Maybe it was all the nostalgia swirling around the other stages—a Murder City Devils reunion! An aborted attempt at a Misfits set by Danzig! Public Enemy in full effect!—or maybe it was the fact that this marked the band’s eighth Austin performance of 2011, or maybe it was all of the Ryan Gosling chatter buzzing through the crowd that had us looking for a sensitive hero. Whatever it was, the fact that the band’s early Austin days, and the material that came with it, has largely been stricken from the band’s repertoire was kind of a bummer. Hey Girl, the river is deep and the river is wide / and the girl that I love is on the other side / she wants to move to Kansas City / move to Kansas City / move, pretty baby, where the sky is so blue….
But Okkervil River isn’t that band anymore, and it hasn’t been for a long time. It’s a uniquely Austin situation—falling in love with a band when they’re regulars on the Flipnotics patio or at the Hole in the Wall, and then feeling a little bit abandoned when, even after they’ve played your city eight times this year, they’re never going to be that band again.
By the same token, the band that Okkervil River is now is great at what it does. Yeah, it’s a Big Rock Band, and the material that Sheff writes is designed to fill a stage with a lot of noise. That’s always been true—even when he was a local playing the inside room at Emo’s, it was clear that was the vision he had for the band—but it seems like it took some of the opportunities that come with international success for him to realize that dream.

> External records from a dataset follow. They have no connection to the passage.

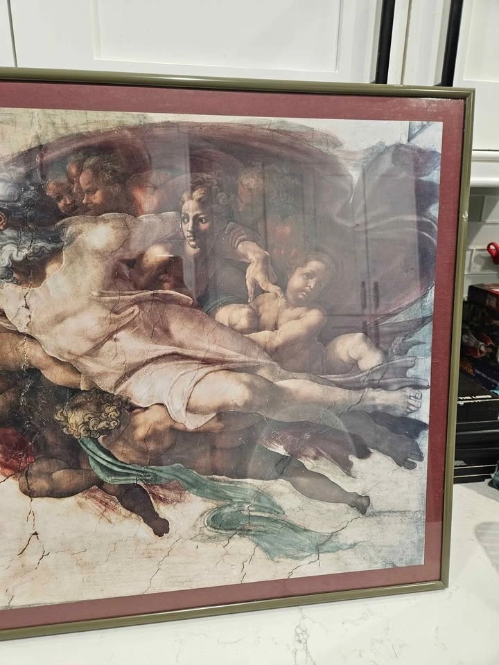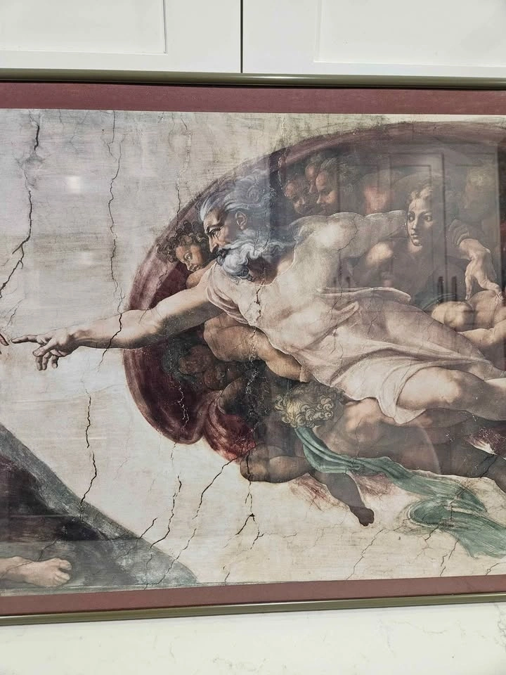 Large framed art print of Michelangelo’s The Creation of Adam, one of the most iconic works in art history.
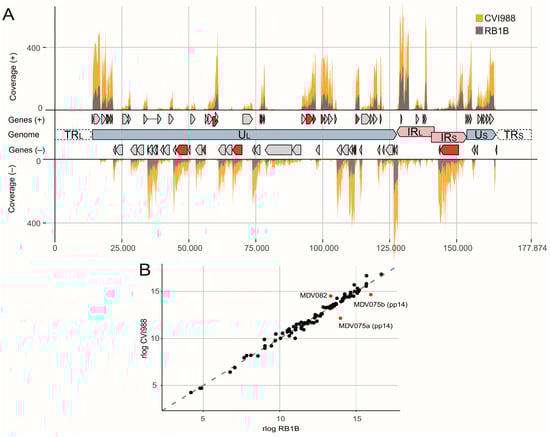 The overall RNA-seq dataset consisted of 82.6 million reads from three biological replicates of CVI988 (48.2 million reads) and two biological replicates of RB1B (34.4 million reads). A third replicate of RB1B did not yield sufficient amount of reads and was therefore excluded from our analysis. An average of 10.5% and 11.2% of the CVI and RB1B datasets respectively could be mapped to the MDV reference sequence (see Table S3).
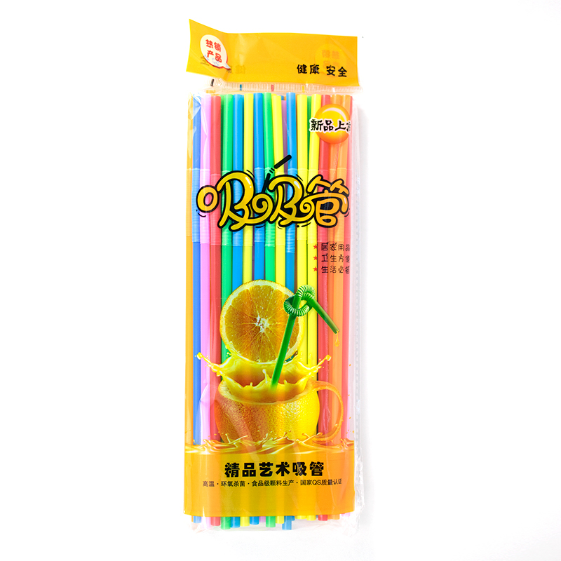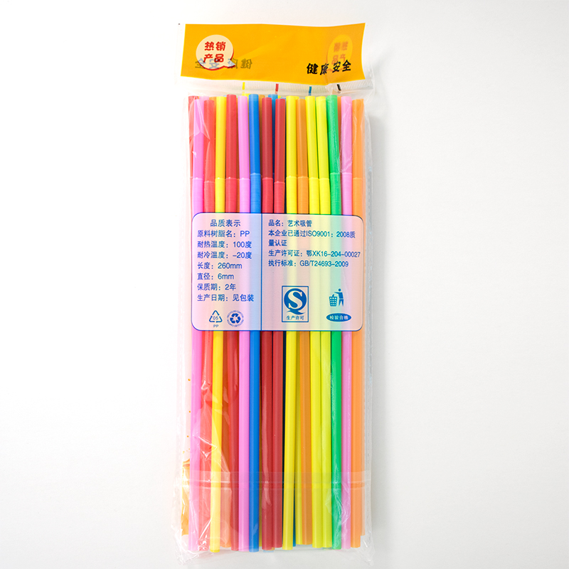 Color plastic art straws disposable independent packaging creative straws juice thick bendable long straws whole package
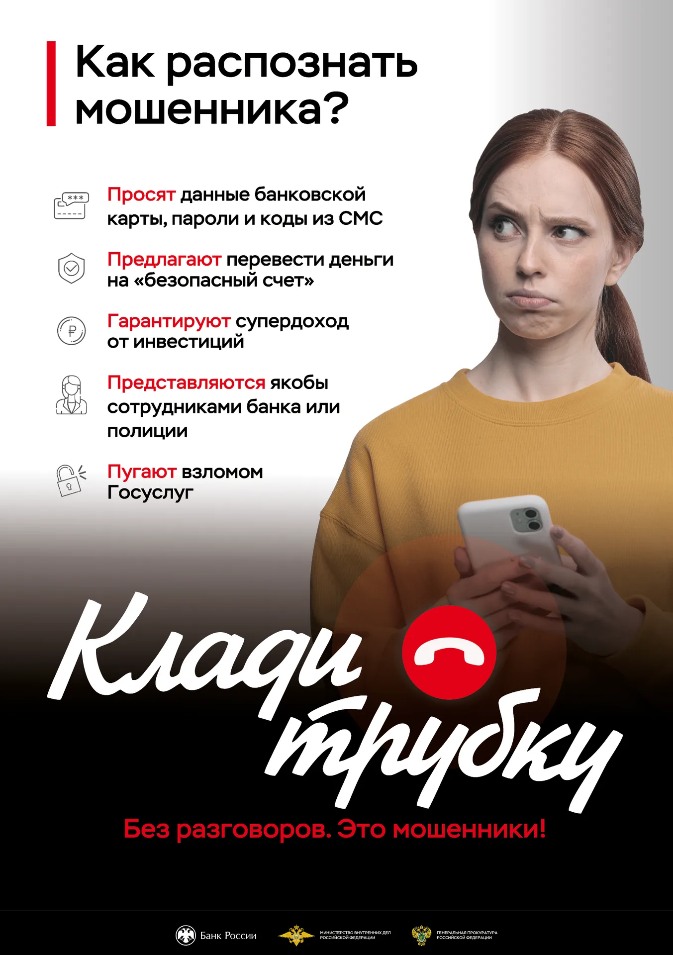 - Просьба назвать конфиденциальные данные. Ни банки, ни государственные органы никогда не запрашивают в телефонном режиме пароли, PIN-коды, CVV/CVC карты, полные реквизиты карт или коды из SMS.
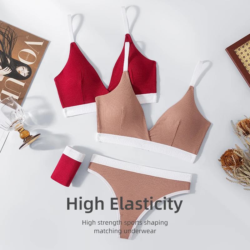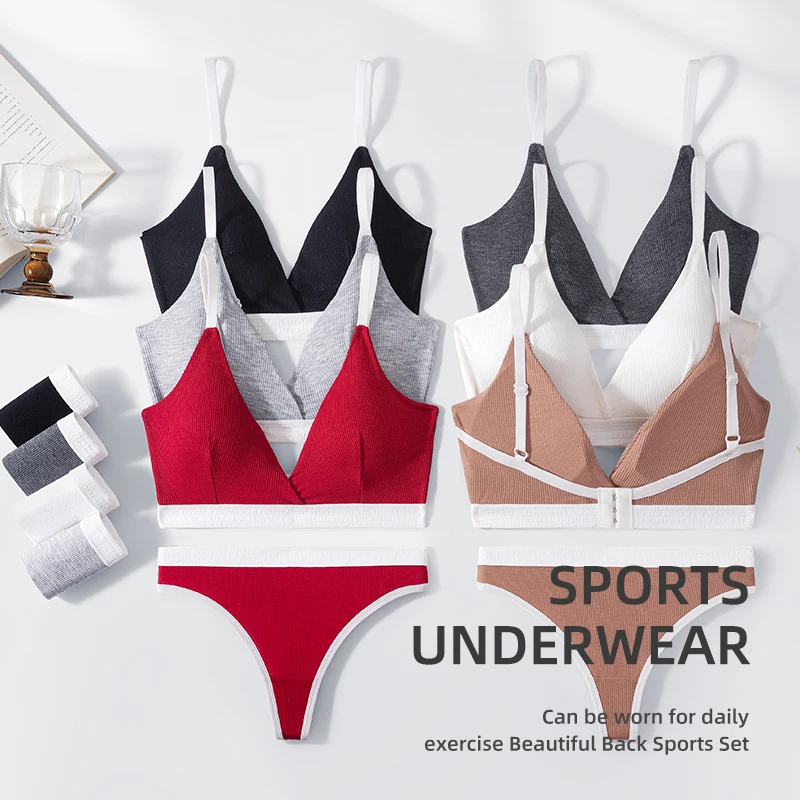 Factory direct women's bra set thong breasted underwear hollowed out to beautify the back breathable and comfortable underwear.
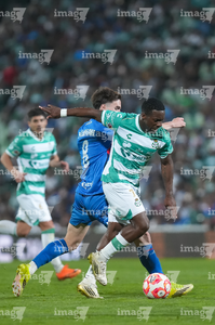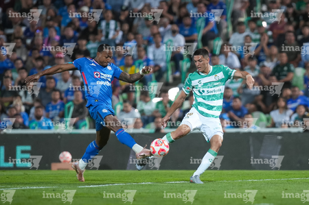Torreón, Coahuila, 3 de marzo de 2026. Willer Ditta y Ezequiel Bullaude, durante el partido correspondiente a la jornada 9 del torneo Clausura 2026 de la Liga BBVA MX, entre los Guerreros de Santos Laguna y la Máquina Celeste del Cruz Azul, realizado en el estadio Corona. Foto: Imago7/ Erick Saavedra
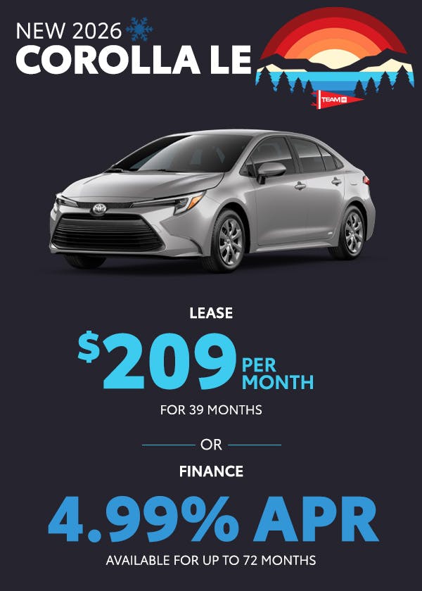 Finance: 4.99% APR available on select new 2026 Toyota Corolla LE models for up to 72 months ($16.10 per $1,000 financed). On approved credit to qualified buyers.
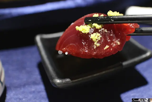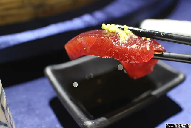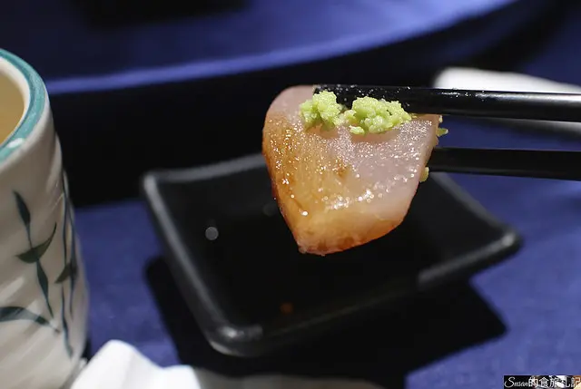 一面放芥末一面沾醬油才能嚐到魚的鮮甜味喔

What the band delivered on the Orange Stage was a full-on rock show, with Sheff staggering wildly across the stage and pulling off mic stand tricks. The moves were good during “Our Life Is Not A Movie Or Maybe,” and the energetic rocker that opens this year’s I Am Very Far, “The Valley,” sounded inspired. Part of that is due to the success of the Fun Fun Fun Fest arrangement, too—at any point during the set, it was easy enough to walk up and claim a spot about 20 feet from the stage, which kept the show intimate despite the backdrop of the Austin skyline, and the sound was loud and crisp, not the sort of half-assed mix that you sometimes find at festivals. But the band, as rollicking and full as its music is now, is still fully engaging. And you can’t script moments like the sun setting behind the stage during “Your Past Life As A Blast.”
So even if it is just the nostalgia trip that Fun Fun Fun Fest painstakingly curates in its booking that made us miss the circa-2001-2004 Austin-based version of Okkervil River, there’s another reminder about the band from the Orange Stage as well: no matter what the songs they play sound like, they’re still pretty great.